=== Begin Enclosure ===

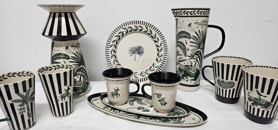 The Green Buffalo Tableware set includes different types of mugs, plates, jugs and vases which can be used flexibily in the daily life. The Vietnamese image of green banana trees and water buffalos pattern was created in different styles on each item, using the under-glazed decal transfer technique.
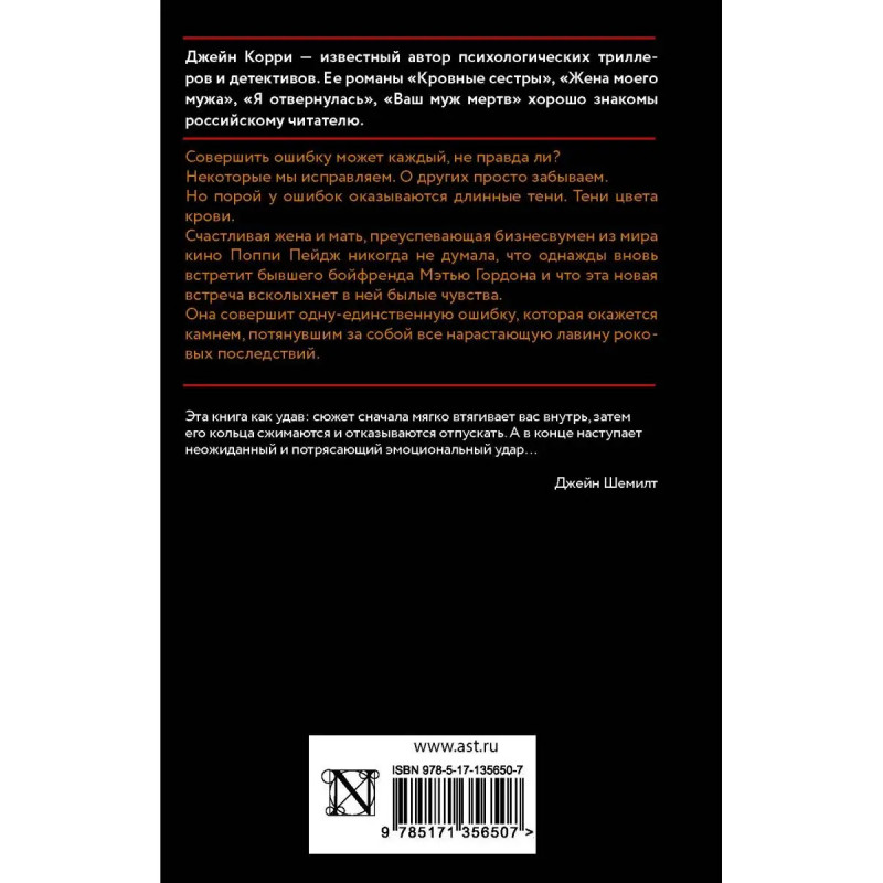 Совершить ошибку может каждый, не правда ли? Некоторые мы исправляем. О других просто забываем. Но порой у ошибок оказываются длинные тени. Тени цвета крови. Счастливая жена и мать, преуспевающая бизнесвумен из мира кино Поппи Пейдж никогда не думала, что однажды вновь встретит бывшего бойфренда Мэтью Гордона и что эта новая встреча всколыхнет в ней былые чувства. Она совершит одну-единственную ошибку, которая окажется камнем, потянувшим за собой все нарастающую лавину роковых последствий.
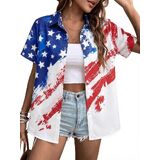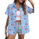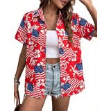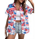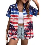 Design: America flag shirt, Women's 4th of July outfit, USA flag t shirt, funny red white blue graphic tee, Independence Day Gift Top, women hawaiian shirts, patriotic button down shirts, summer short sleeve, lightweight. The shirt combines the classic stars and stripes with a tropical floral design, giving it a unique Hawaii-inspired twist for a fun and festive look.
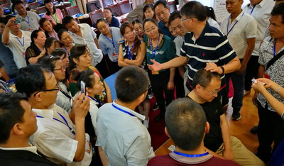 魏教授演示背部點(diǎn)揉法,基層醫生學(xué)員們將魏教授團團圍住,邊聽(tīng)邊看邊記錄,學(xué)習熱情高漲。演示模特均由學(xué)員自愿擔任,圖中女醫生當時(shí)正好左上腹疼痛,經(jīng)魏教授點(diǎn)揉、拔/走罐等治療后,疼痛立解。立竿見(jiàn)影的治療效果大大提升了醫生們的信心。
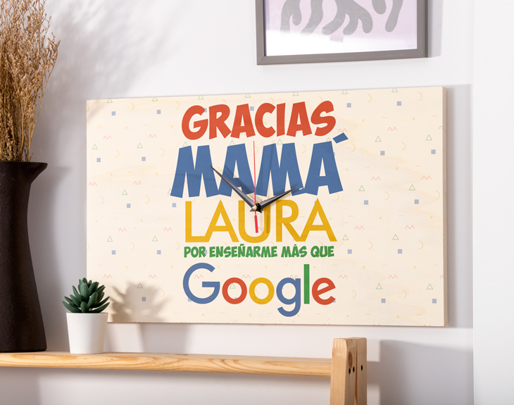 Te ha enseñado todo lo que sabes, te ha inculcado los mejores valores del mundo y te ha ayudado con cada problema que has tenido... Si tu madre ha jugado un papel indispensable en tu formación, es hora de agradecérselo. Nuestro reloj de madera personalizado "Mi mamá es como Google" es perfecto para la persona más inteligente que existe...¡Se quedará sin palabras! Tienes dos opciones de compra: Medidas reloj de pared: 49,5 x 30 cm. Medidas reloj de mesa: 27 x 20 cm. Importante: Las maderas tienen vetas y estas quedan reflejadas en la imagen. Instalación: el reloj de pared cuenta con agujeros en la parte posterior, hechos a medida por si quieres colgarlo utilizando tornillos, chinchetas, o lo que creas conveniente. ¡Cabrán perfectamente en los agujeros que vienen incluidos en la madera!
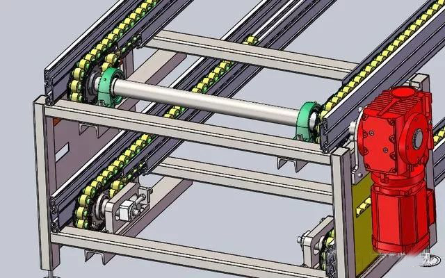 主動(dòng)端由軸承座、倍速鏈輪、電機(jī)、機(jī)架、倍速鋁型材組成。
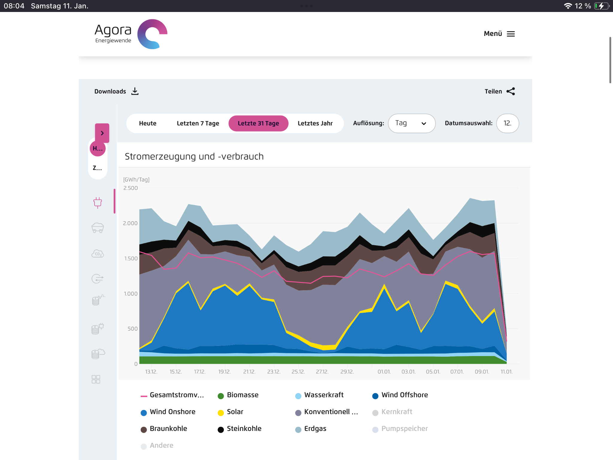 der gezeigte chart weiter oben zeigt einduetig dass sonne &wind im jahr 2024 und eben auch die wenigen anderen alternativen nicht ausreichend geliefert haben.

=== End Enclosure ===

In the listing above, find the line containing "Design: America flag" and the line containing "魏教授演示背部點(diǎn)"; print those lines and every line between them exactly, leaving out pictures.

 Design: America flag shirt, Women's 4th of July outfit, USA flag t shirt, funny red white blue graphic tee, Independence Day Gift Top, women hawaiian shirts, patriotic button down shirts, summer short sleeve, lightweight. The shirt combines the classic stars and stripes with a tropical floral design, giving it a unique Hawaii-inspired twist for a fun and festive look.
 魏教授演示背部點(diǎn)揉法,基層醫生學(xué)員們將魏教授團團圍住,邊聽(tīng)邊看邊記錄,學(xué)習熱情高漲。演示模特均由學(xué)員自愿擔任,圖中女醫生當時(shí)正好左上腹疼痛,經(jīng)魏教授點(diǎn)揉、拔/走罐等治療后,疼痛立解。立竿見(jiàn)影的治療效果大大提升了醫生們的信心。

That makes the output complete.